Retype, with no pictures, each line from the one that holds "採光にもこだわり、南側に建物" through the last line of the entries below, both included.

[Source records]
--*--

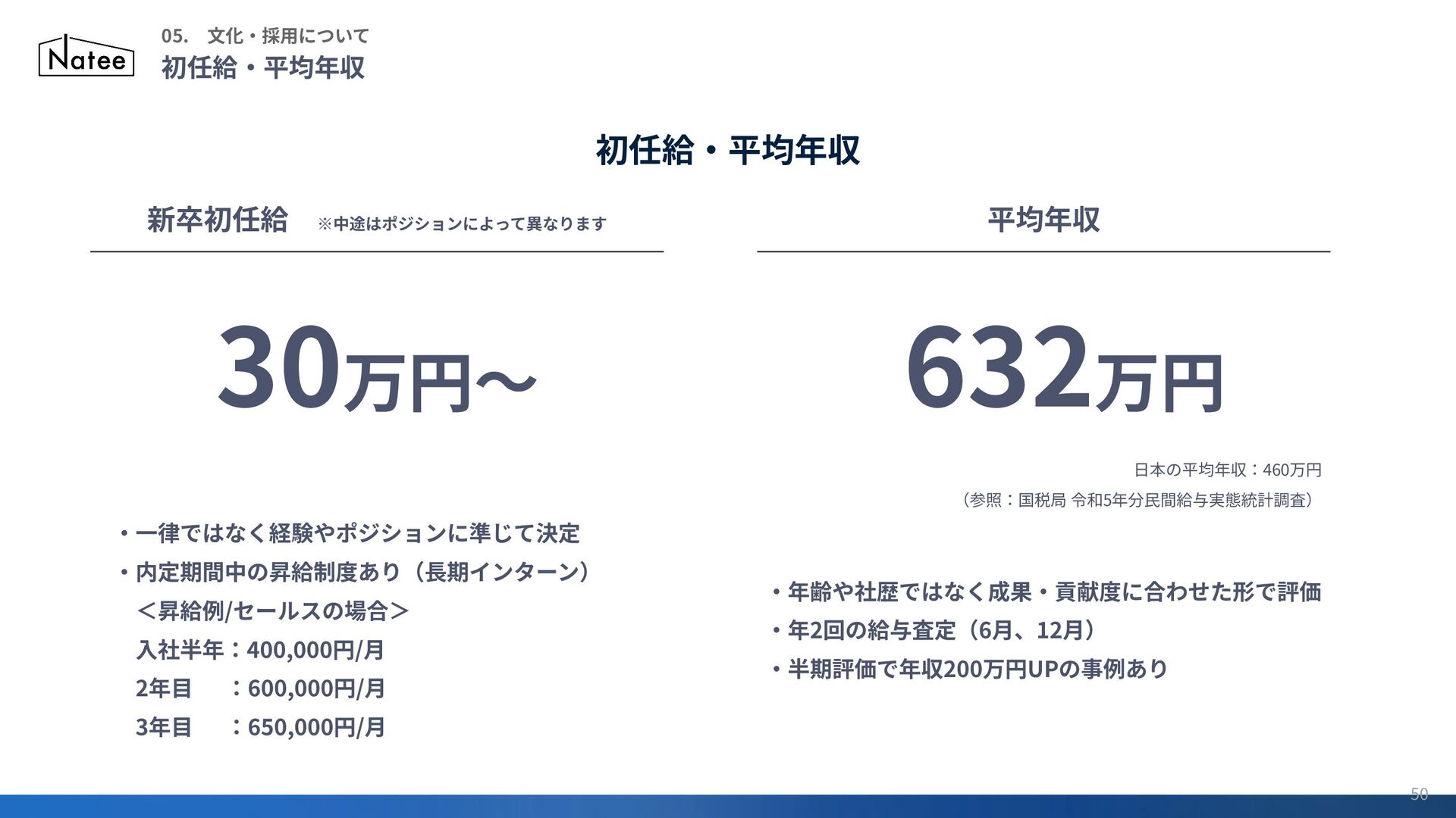 28. 初任給‧平均年収 05. ⽂化‧採⽤について 50 初任給‧平均年収 平均年収 ‧年齢や社歴ではなく成果‧貢献度に合わせた形で評価 ‧年2回の給与査定(6⽉、12⽉) ‧半期評価で年収200万円UPの事例あり 632万円 ⽇本の平均年収:460万円
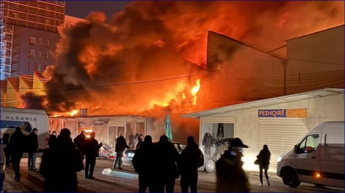 Përmasa të frikshme ka marrë zjarri që ka përfshirë tregun e rrobave të përdorura në lagjen 5 Maji në Tiranë.
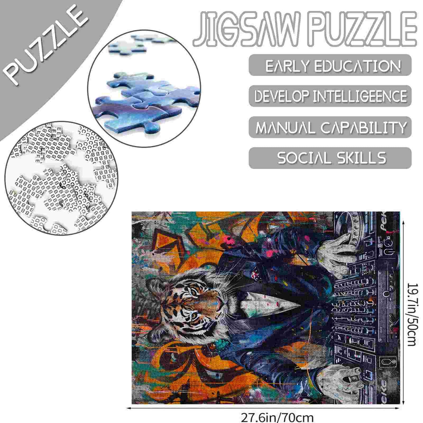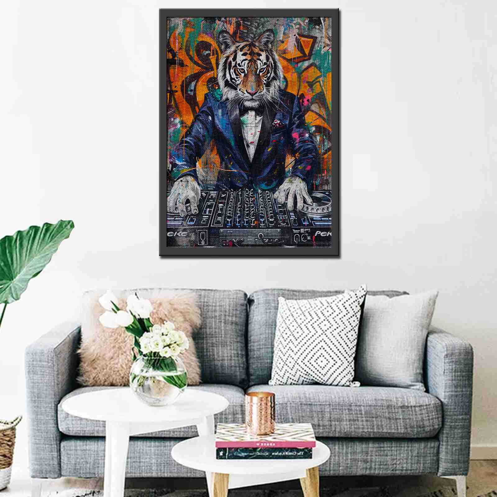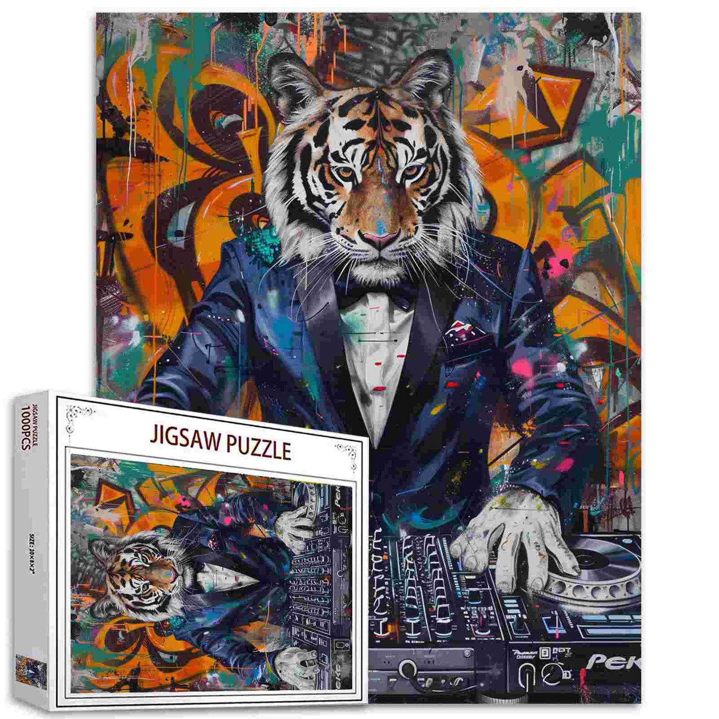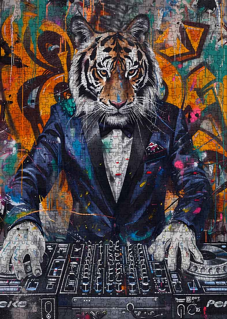 Ein wilder Tiger im eleganten Smoking steht am DJ-Pult, seine scharfen Augen fokussieren, während er mit jedem Beat die Nacht beherrscht. Umgeben von Graffiti-Farbexplosionen und urbaner Textur spielt er nicht nur Musik – er beherrscht die Tanzfläche des Betondschungels. Der Kontrast zwischen der rohen Kraft des Tigers und der Eleganz seines Outfits schafft eine kühne und unvergessliche Szene und macht jedes Puzzleteil zu einem Teil eines ungezähmten Rhythmus.
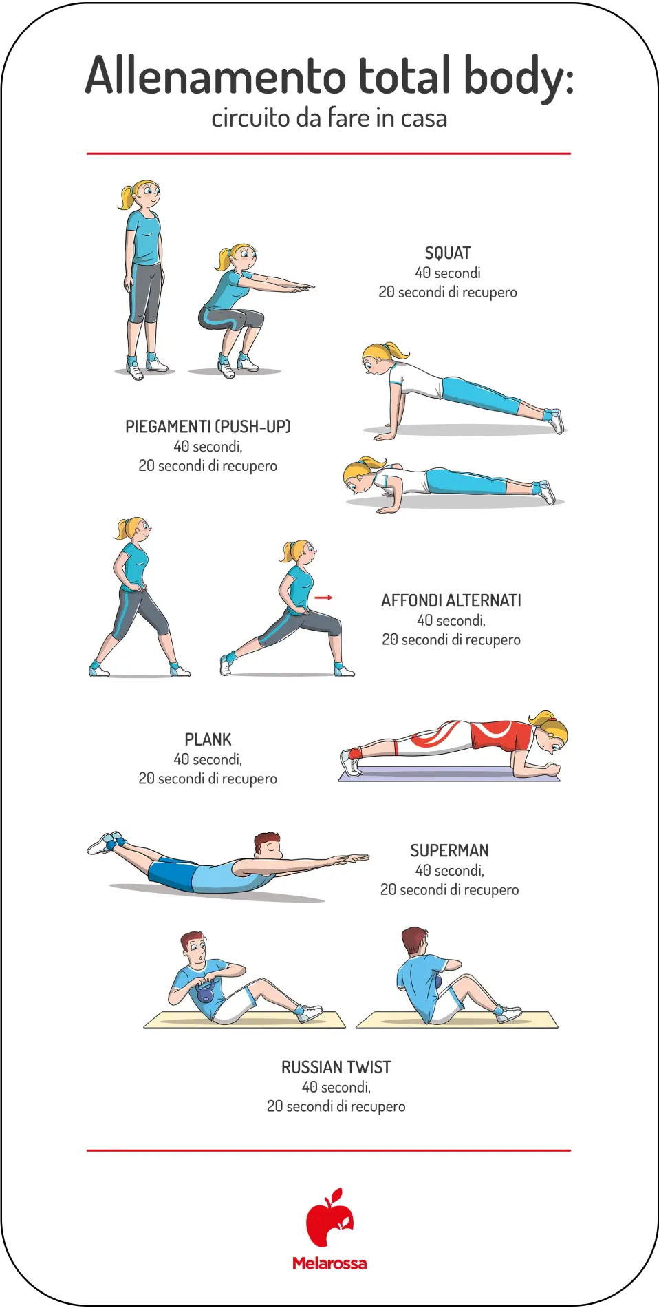 • Squat: 40 secondi, 20 secondi di recupero (Schiena dritta, peso sui talloni).
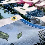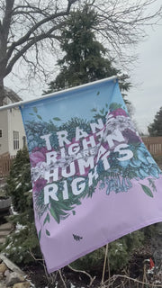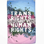 This gorgeous, lightweight outdoor flag features a message of empowerment: "Trans Rights Are Human Rights", cleverly framed by flowery illustrations atop the iconic transgender flag's light blue and pink hues. Crafted from knitted polyester fabric, the design is printed single-sided and appears as a mirrored image on the back, with 50–60% visibility. 🌈☀️ 🌈 Illustrated by Rae Senarighi.
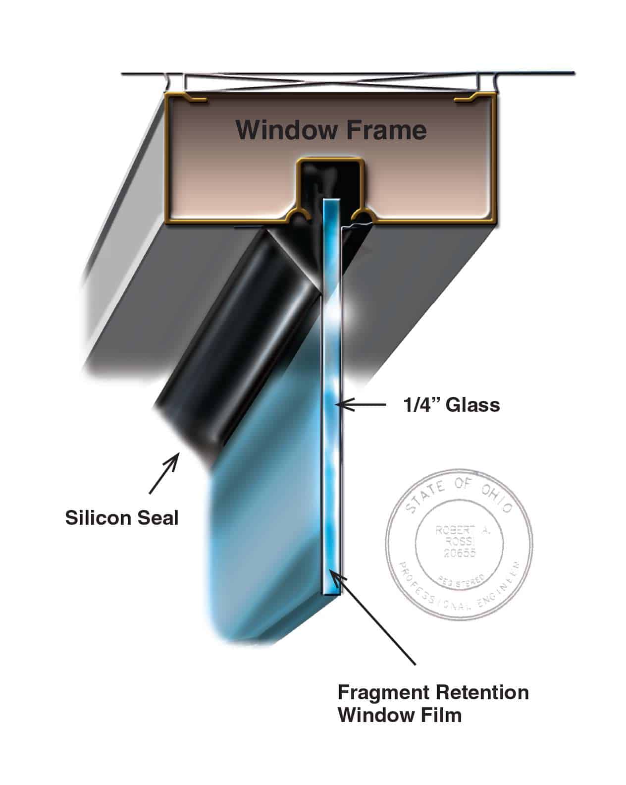 Four-sided attachments are the strongest of the mechanical attachment systems. The films are designed to withstand tremendous loads, and the full pressure of a blast event is transferred to the window framing. Most standard commercial windows or storefront systems cannot withstand this intense pressure and the window frame system will fail before the film attachment does. Four-sided attachments are often specified in day care facilities – areas where no glass particles can afford to penetrate – or as an inexpensive insurance policy against a large blast event. Since the film will experience severe pressure loads, heavier gauge films are required.
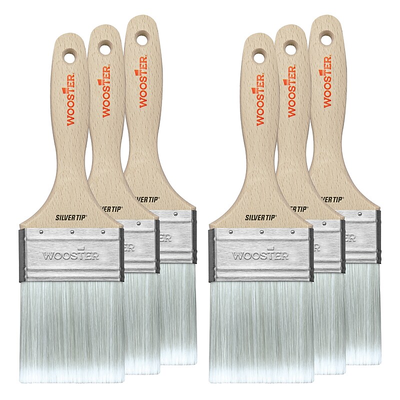 Semiprofessional quality at a great value: the Wooster Brush Silver Tip brush is made with a blend of white and silver Wooster Brush CT (Chemically Tipped) polyester that virtually eliminates brush marks. Thin, soft, and flexible ends provide exceptional leveling and smoothing. Perfect for latex paints, applying enamels on metal, or polyurethanes on wood. The birch hardwood handle adds a professional touch..Wall/trim brush working with all types of paint.Bristle is made of a soft blend of the brand's CT (Chemically Tipped) polyester filaments in white and silver colors.Brush dimensions: 11.38"H x 3"W x 1"D.Birch hardwood handle features a stainless steel round ferrule.Thin, soft, flexible ends provide exceptional leveling and smoothing.Offers a very soft yet responsive formulation, creating feather strokes.Six brushes per pack
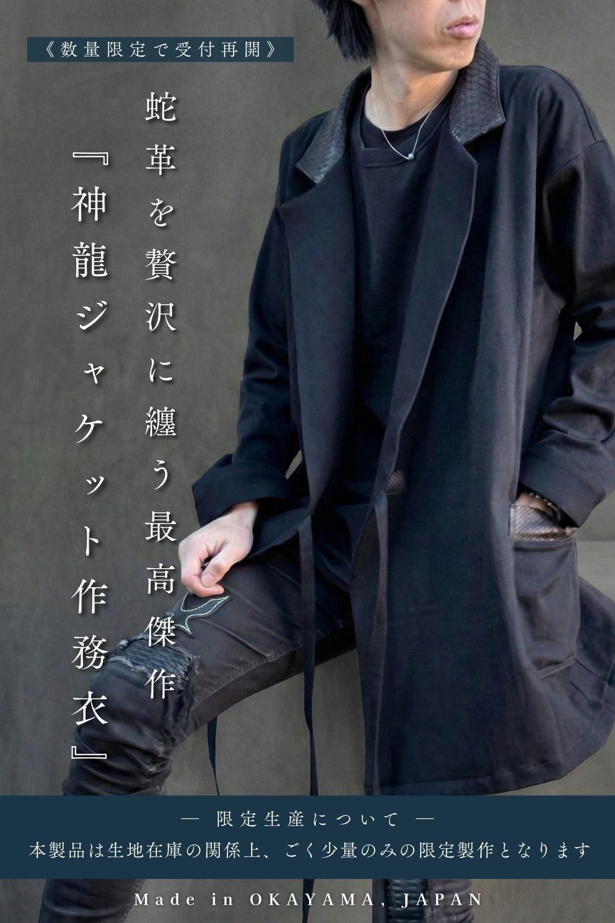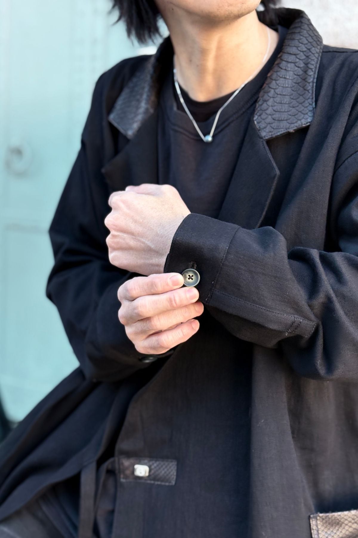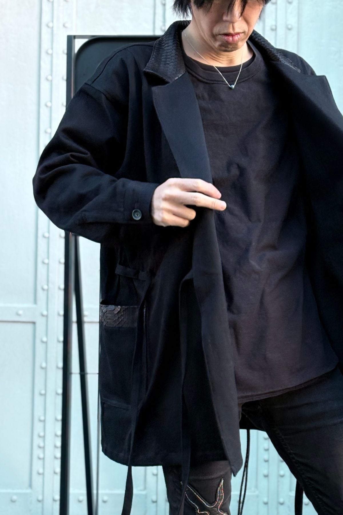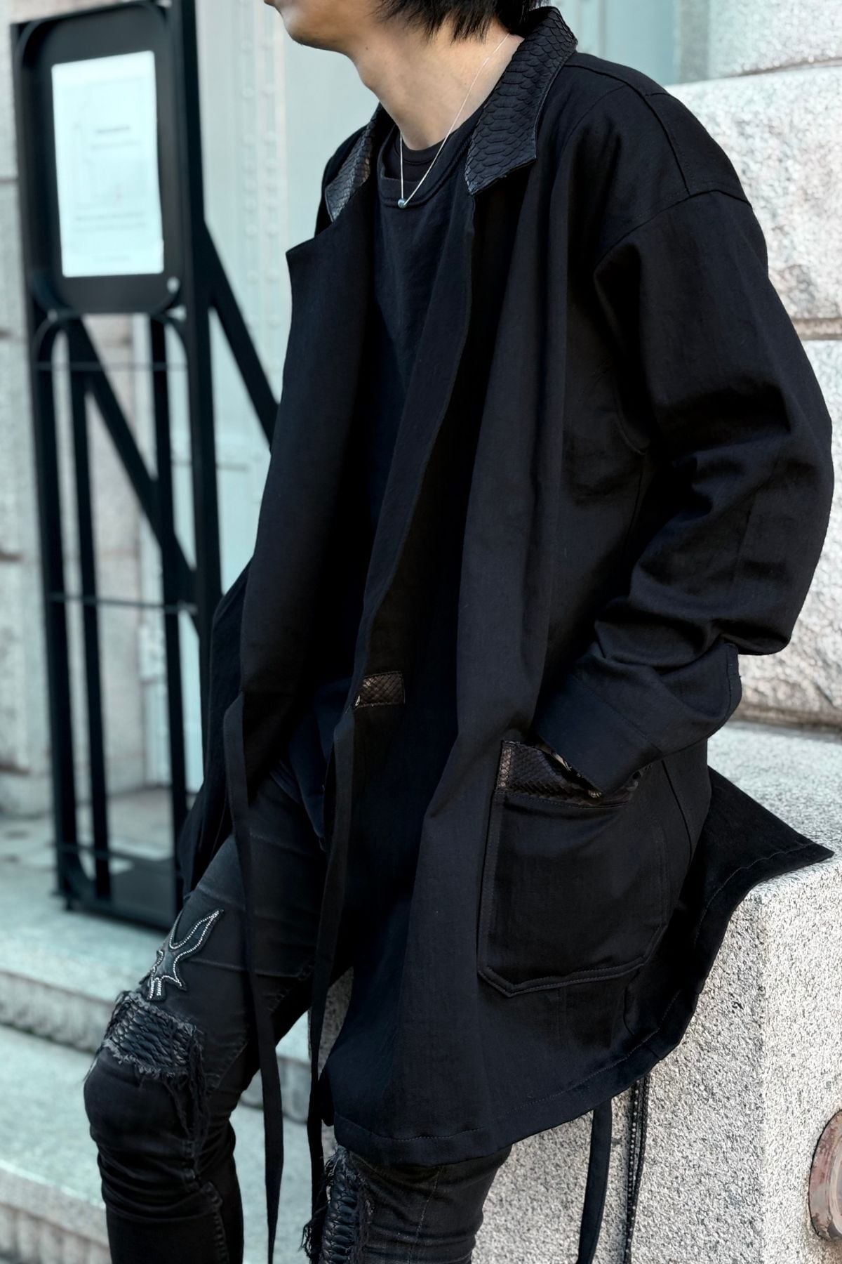 【数量極少|完全受注生産】極上の"縁"を纏う、黒蛇作務衣ジャケット-縁- / SAMUE JACKET YOSUGA― 黒に宿る、和の品格と革の存在感 【岡山ブラックデニム × パイソンレザー】【made in JAPAN】
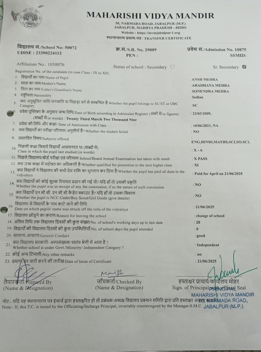 | 4 | 10875 | ANSH MEHRA | X | A | |
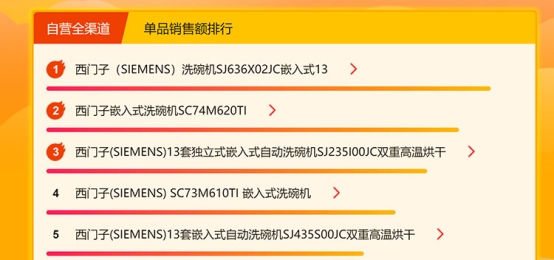 单品销售额排行方面,西门子品牌成为今日大赢家,前五名均被西门子品牌推出的洗碗机占据,而且这五款产品居委嵌入式,可见用户在为家中购入洗碗机时,对于洗碗机是否占用厨房额外空间非常重视。
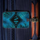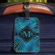 Tropical turquoise palm tree fronds on black, these luggage tags feature your monogram in chic turquoise lettering on black on the front and a card slot on the back for easy identification. Create for yourself or give as a gift.
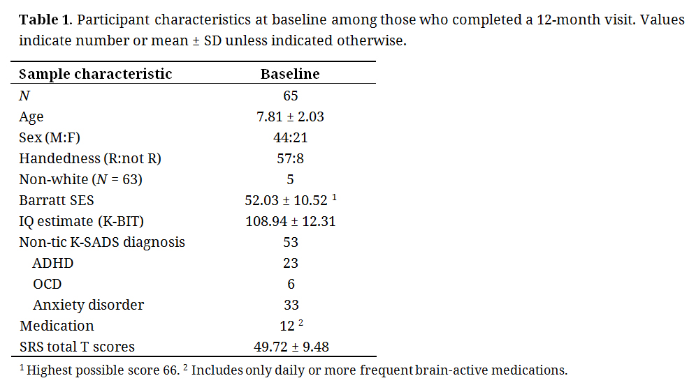 Of the 82 New Tics participants who have completed a first visit, 65 have returned for the 12-month follow-up visit and an additional 9 are still awaiting return visits, leaving only 8 (9.6%) who dropped out or were lost to follow-up. After the first 44 participants, we began to invite New Tics subjects to return at 24, 36 or 48 months after their first tic. As of April, 2020, we have completed 31 24-month, 10 36-month and 6 48-month visits.
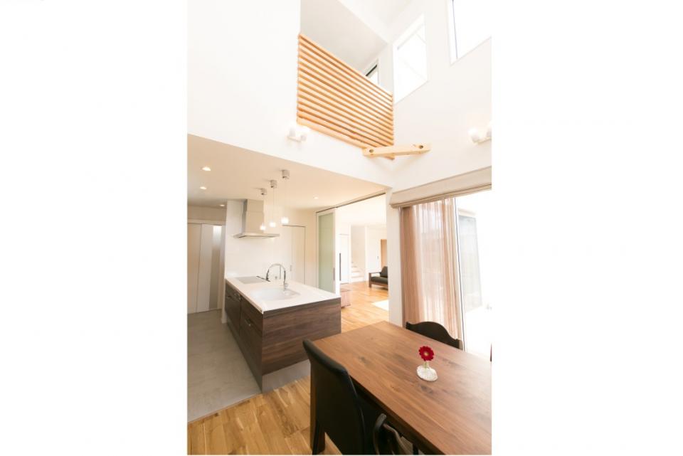 採光にもこだわり、南側に建物が建つことがあっても光が入るように吹抜けや大きな窓を設けました。
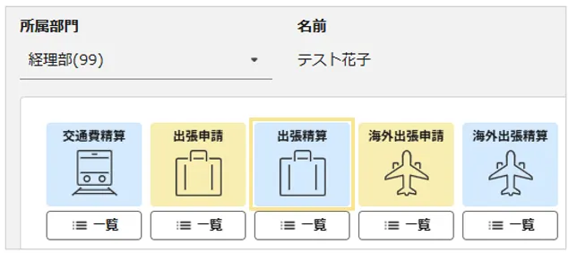 1.「出張精算」など精算したい申請種別のアイコンをクリック
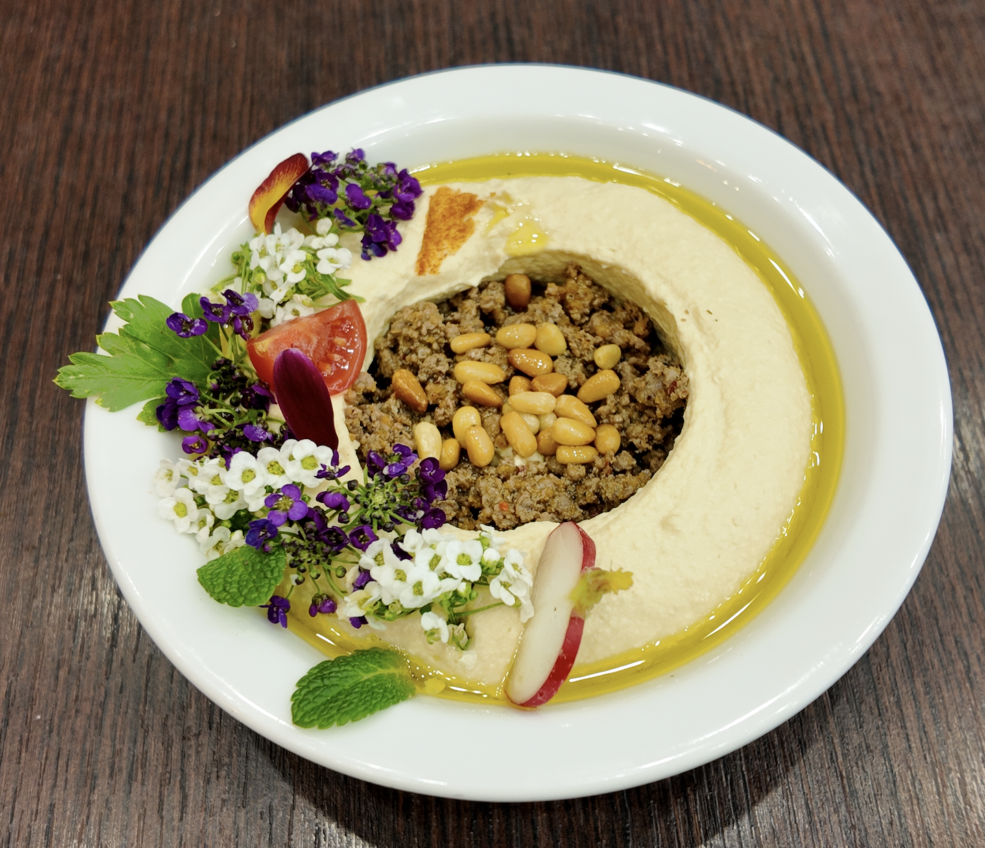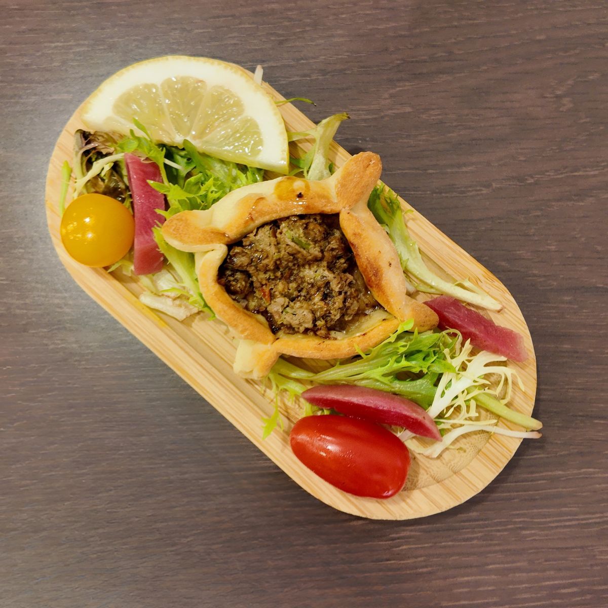 Mini pizza libanaise garnie d'un mélange de viande hachée, d'oignons, d'herbes et de tomates

--*--

[WRITTEN RESPONSE]
 採光にもこだわり、南側に建物が建つことがあっても光が入るように吹抜けや大きな窓を設けました。
 1.「出張精算」など精算したい申請種別のアイコンをクリック
 Mini pizza libanaise garnie d'un mélange de viande hachée, d'oignons, d'herbes et de tomates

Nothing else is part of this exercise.